Centre for Research on Multinational Corporations

Research institutes in the NetherlandsOrganisations based in AmsterdamCorporate accountabilityNGOsFoundations based in the Netherlands
4 min read

On 11 September 1973, tanks rolled through Santiago and Salvador Allende was dead. In Amsterdam, thousands of Dutch citizens who had cheered Chile's reformist experiment now watched on television as it ended in fire and gunfire, and as the names of American multinationals came up again and again in the reporting on who had wanted Allende gone. Out of that anger, in a country half a world away from the coup, a research bureau took shape. They called it SOMO - the Centre for Research on Multinational Corporations - and gave it one job: read the paperwork, follow the money, and tell the public what multinational companies were actually doing.

Founded in Solidarity

Two small Dutch peace and development groups, X-Y Beweging and Sjaloom, paid the first researcher's salary. The premise was modest and a little radical for its time. The activities of multinational corporations had real consequences for ordinary people - in Chile, in the Netherlands, in any country where decisions made in a glass tower could close a factory or prop up a regime - and almost nobody outside the corporations themselves was reading the documents that would reveal those consequences. SOMO would. The early reports were photocopied and stapled and circulated through trade union networks. The methodology, which would become the organization's signature, was unglamorous: company filings, supply-chain charts, financial disclosures, sectoral analysis. No leaks, no spectacle - just the public record, read carefully.
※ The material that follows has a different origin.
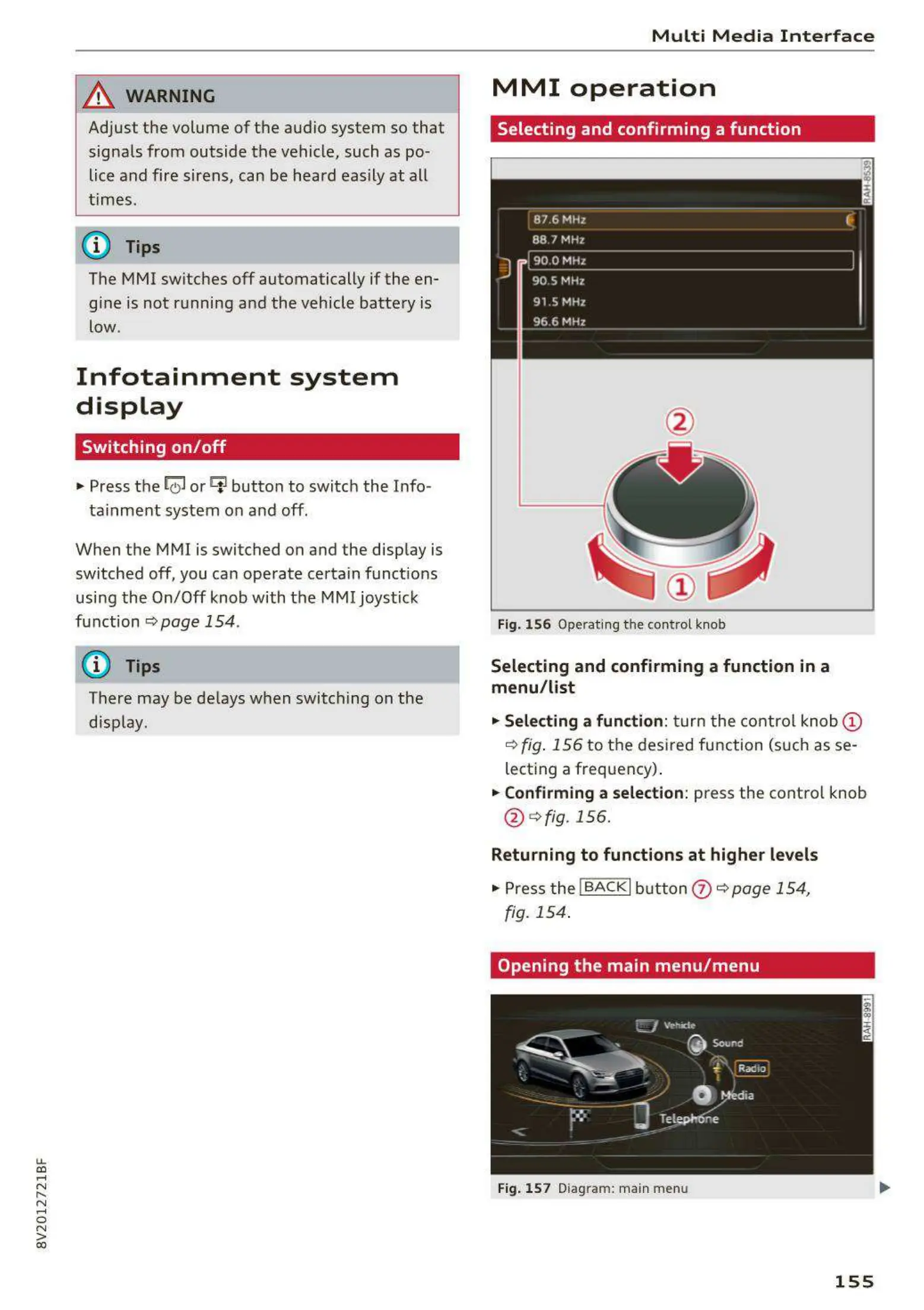 When the MMI is switched on and the display is
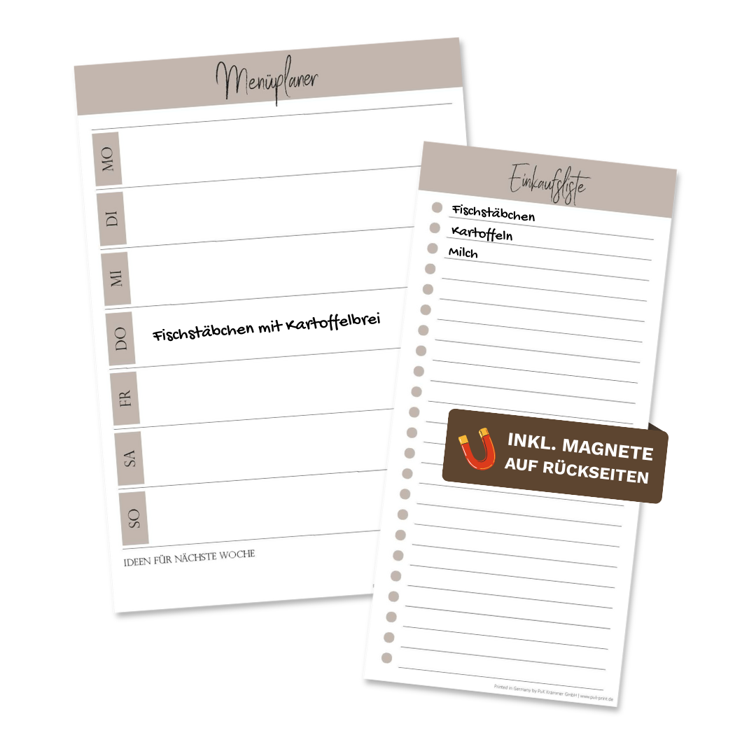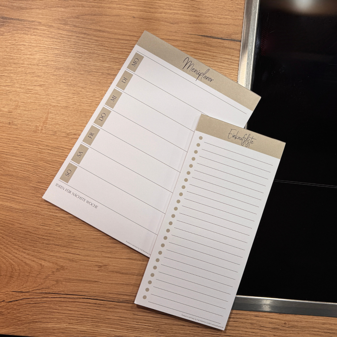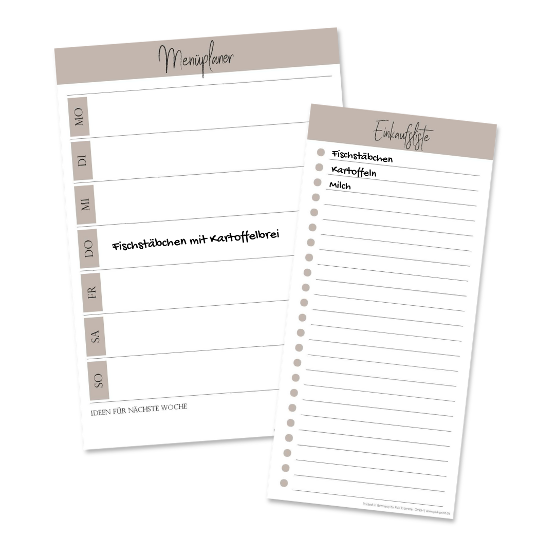 Mit dem Menüplaner- und Einkaufslisten-Block-Set von PuK bringst du Struktur und Übersicht in deine Woche! Plane deine Mahlzeiten im Voraus und behalte mit dem praktischen Wochenüberblick deine Ernährung und die de kompletten Familie jederzeit im Blick. Die schlichten, modernen Blöcke sind nicht nur funktional, sondern auch ein hübscher Hingucker in jeder Küche. Dank der optional erhältlichen Magnetrückseite kannst du sie einfach am Kühlschrank befestigen – perfekt, um spontane Ideen oder fehlende Zutaten sofort zu notieren. Beide Blöcke bieten auf 50 Blättern in DIN A5 und DIN lang ausreichend Platz für deine Planung. Hergestellt in Deutschland auf hochwertigem 80 g/m² Offsetpapier mit stabiler Verleimung und Rückpappe – für langlebige Qualität und eine Extraportion Organisation im Alltag!

Around the Works Council Table

By 1975 SOMO had turned its attention from foreign coups to the Dutch shop floor. When a multinational planned a merger or a restructuring, the works council usually faced a wall of consultants from the company's side and almost no expertise on its own. SOMO began producing company profiles - who owned what, where the parent was based, what the global cash flows looked like - and training works council members to read them. Through the 1980s and 1990s, as European Works Councils took shape across the continent, SOMO drafted profiles of nearly every major multinational headquartered in the Netherlands. A union representative sitting across from a CEO suddenly had answers to questions the CEO had assumed nobody would ask.

Following the Chain

The internet changed what investigative research could mean. By the late 1990s SOMO's work was less about uncovering secret documents and more about connecting public ones - tracing a t-shirt sold in Rotterdam back through a factory in Bangladesh, a fabric mill in India, a cotton field in Uzbekistan. Sectoral research became the core method: electronics, garments, pharmaceuticals, energy and water, food and agriculture, minerals, finance. SOMO helped launch GoodElectronics to track labor abuses in consumer tech supply chains, makeITfair on conflict minerals, OECD Watch to push the corporate accountability mechanism most companies hoped no one would use. The organization became, in effect, a clearinghouse - a place where activists in the global South could find the research they needed about the European companies operating in their backyards.

Tax Justice and Power

Some of SOMO's most consequential work has been about an invisible subject: tax. The Netherlands is a hub for corporate structures designed to route profits through low-tax jurisdictions, and for years few Dutch citizens understood the scale of it. SOMO's researchers helped make that visible, mapping the legal architectures behind names like the Dutch Sandwich, joining the Tax Justice Network, training journalists to read shell-company filings. Their reports have informed Dutch parliamentary inquiries and European Commission regulations. In more recent years the work has expanded into climate justice, big-tech accountability, and pharmaceutical pricing - new arenas, the same method. Look at the corporate structure. Trace the flows. Name what is happening.

An Office, Not a Crusade

SOMO operates from offices in Amsterdam as a foundation, a stichting under Dutch law, governed by a small board and funded by a patchwork of subsidies and commissioned research. Staff numbers in the dozens, not hundreds. There are no spies and no stings. The work is, day to day, almost dull: read the annual report, cross-reference the subsidiary list, ask the unanswered question. The organization's argument, over fifty years now, has been that this is enough - that careful, public, footnoted research, placed in the hands of unions and NGOs and journalists, is how unaccountable power becomes accountable. It is not a fast process. SOMO has the patience for it.

From the Air

SOMO's offices are in the Amsterdam-West / Westerpark area at approximately 52.38 N, 4.94 E, north of the historic Jordaan and west of the central canal ring. From the air the location reads as a band of converted industrial buildings along the western harbor. Amsterdam Schiphol (EHAM) lies about 8 nautical miles southwest. Rotterdam The Hague (EHRD) sits 28 nm southwest. The neighborhood is best identified from above by the green stripe of the Westerpark itself and the curve of the IJ waterway just to the north.